### THE PROBLEM:
Reproduce the listing below word for word, with no pictures.

### RAW DATA:
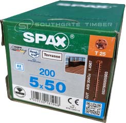 Spax Stainless Antique finish 5.0 x 50mm x 200 Box decking screw
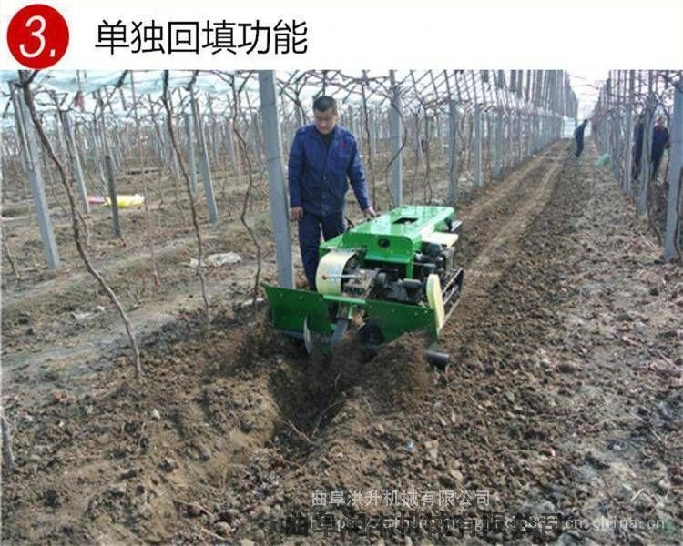多功能回填机本机适用性强:适用各种山地,丘陵、平原、旱田、大棚、果园、及狭窄地作业,省心。适合各种土质:冻土、硬土、粘土、黑土地,山地,软土均可使用. 履带式开沟施肥机可以实现大型机械无法进入的果园、小块土地、大棚、茶园、丘陵、山地等不同的地形和土质进行作业。
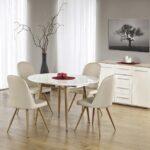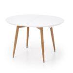 Jedilniška miza sodobnih linij v okrogli izvedbi in z možnostjo povečanja površine plošče, bo prispevala minimalističnemu videzu Vašega doma.

### ANSWER TO THE PROBLEM:
 Spax Stainless Antique finish 5.0 x 50mm x 200 Box decking screw
多功能回填机本机适用性强:适用各种山地,丘陵、平原、旱田、大棚、果园、及狭窄地作业,省心。适合各种土质:冻土、硬土、粘土、黑土地,山地,软土均可使用. 履带式开沟施肥机可以实现大型机械无法进入的果园、小块土地、大棚、茶园、丘陵、山地等不同的地形和土质进行作业。
 Jedilniška miza sodobnih linij v okrogli izvedbi in z možnostjo povečanja površine plošče, bo prispevala minimalističnemu videzu Vašega doma.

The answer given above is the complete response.